YOUR INSTRUCTIONS:
An exact transcription is needed, starting at the line containing "体育の授業では、半そで・ハーフパンツで元気に活動しています。" and running through the last line of the records, with every picture left out.

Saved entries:
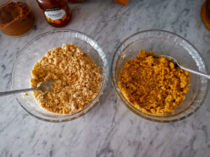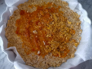 - Spread the dough in bowl 1 on the bottom of your baking dish.
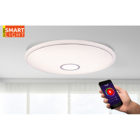 Stropné svietidlo, kov biely, akryl biely, chróm, kompatibilné s Google Assistant a Alexa, časovač,
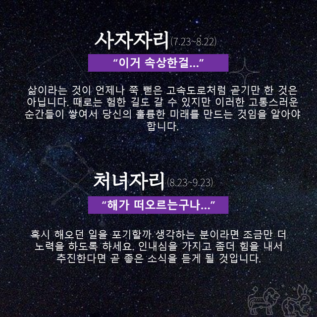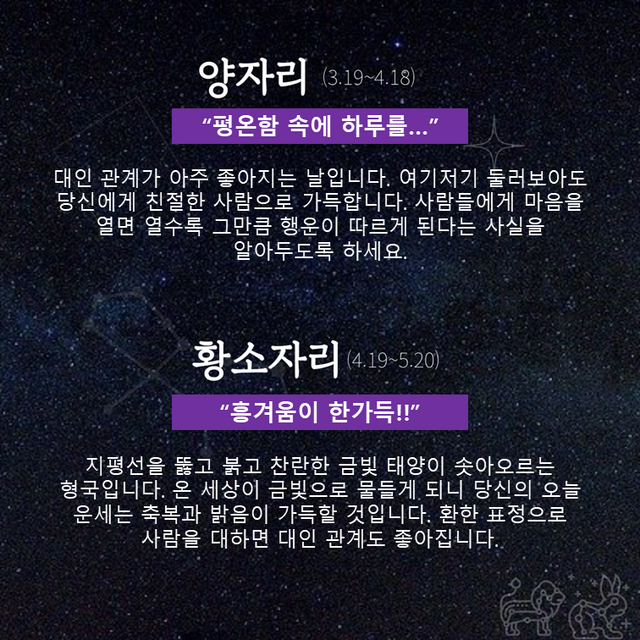 애정운도 나쁘지 않습니다. 하지만 커플이라면 인내와 희생이 필요한 날입니다. 자기 자신보다는 상대방에게 스케줄을 맞춰주도록 하세요. 당신의 배려가 둘 사이의 사랑을 더욱 깊게 만들어줄 것입니다.
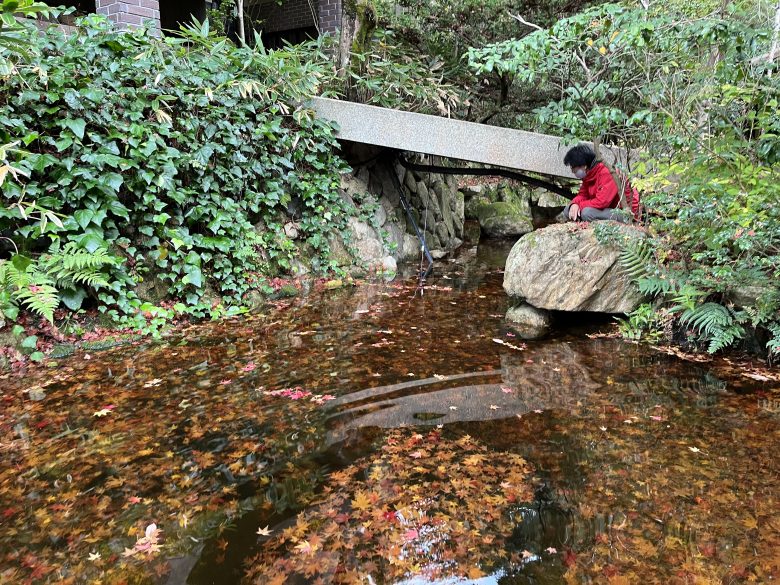 蓄積された落ち葉は水中で腐敗し嫌気的な空間にしてしまうため、水中生物に悪影響がでます。落葉の樹木が近くにあるビオトープでは定期的に浚渫(泥さらい)をお勧めしています。
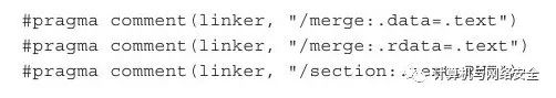 以上代码的前两行的意思是将.data、.rdata这两个区段合并到.text区段中,第三行的意思是修改.text区段的属性为可读、可写、可执行。
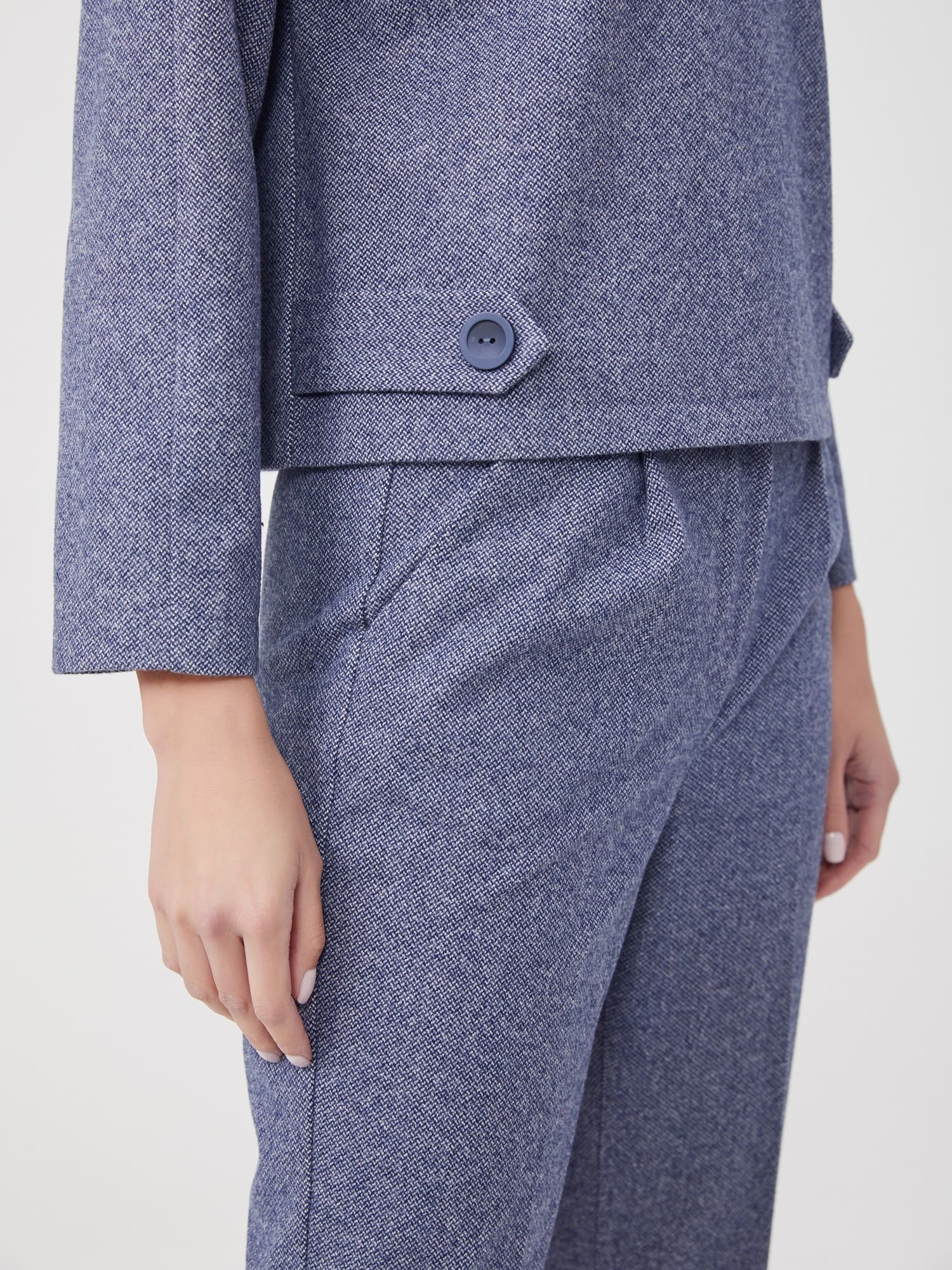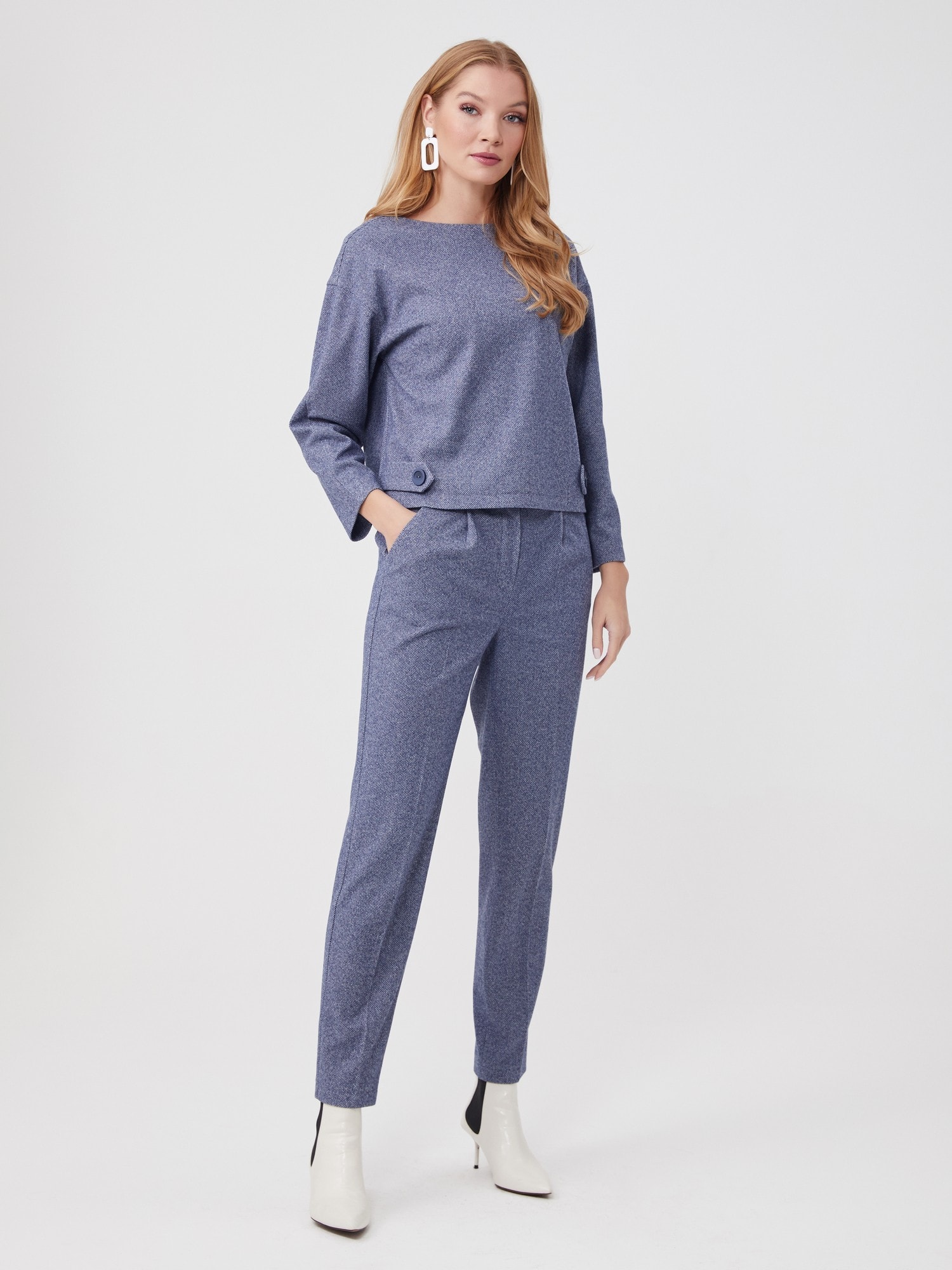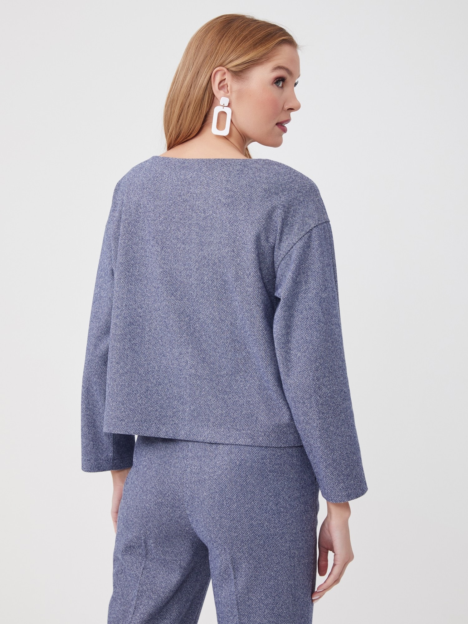 Описание: Блузка из мягкой ткани с принтом "микролапка" в оттенке морская пена. Вырез «лодочка», плавная линия плеча, длинный рукав и декоративные паты с пуговицами. Изысканность в простоте. Дополните брюками Б-802 МП(О)
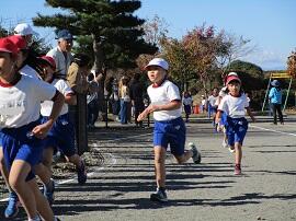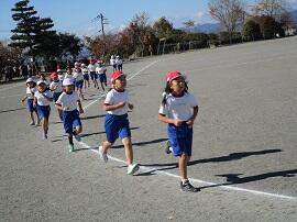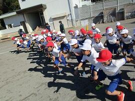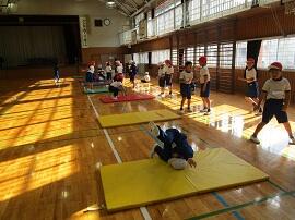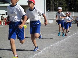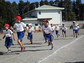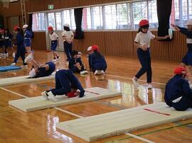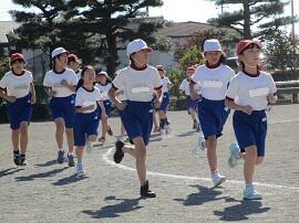 体育の授業では、半そで・ハーフパンツで元気に活動しています。
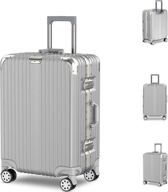 Voyagoux® AEON 72L Hardcase Koffer - Zilver - Aluminium Frame - Rolkoffers
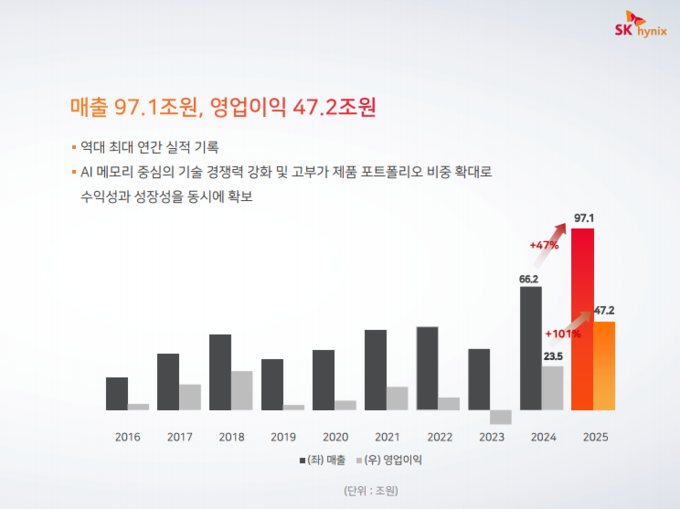 [FETV=신동현 기자] SK하이닉스가 2025년 매출 97조1467억원, 영업이익 47조2063억원을 기록했다고 29일 밝혔다. 영업이익률은 49%에 달했다. 같은 기간 순이익은 42조9479억원으로 순이익률은 44%를 기록했다. 실적은 K-IFRS 기준이다.

RESPONSE FOR THIS EXERCISE:
 体育の授業では、半そで・ハーフパンツで元気に活動しています。
 Voyagoux® AEON 72L Hardcase Koffer - Zilver - Aluminium Frame - Rolkoffers
 [FETV=신동현 기자] SK하이닉스가 2025년 매출 97조1467억원, 영업이익 47조2063억원을 기록했다고 29일 밝혔다. 영업이익률은 49%에 달했다. 같은 기간 순이익은 42조9479억원으로 순이익률은 44%를 기록했다. 실적은 K-IFRS 기준이다.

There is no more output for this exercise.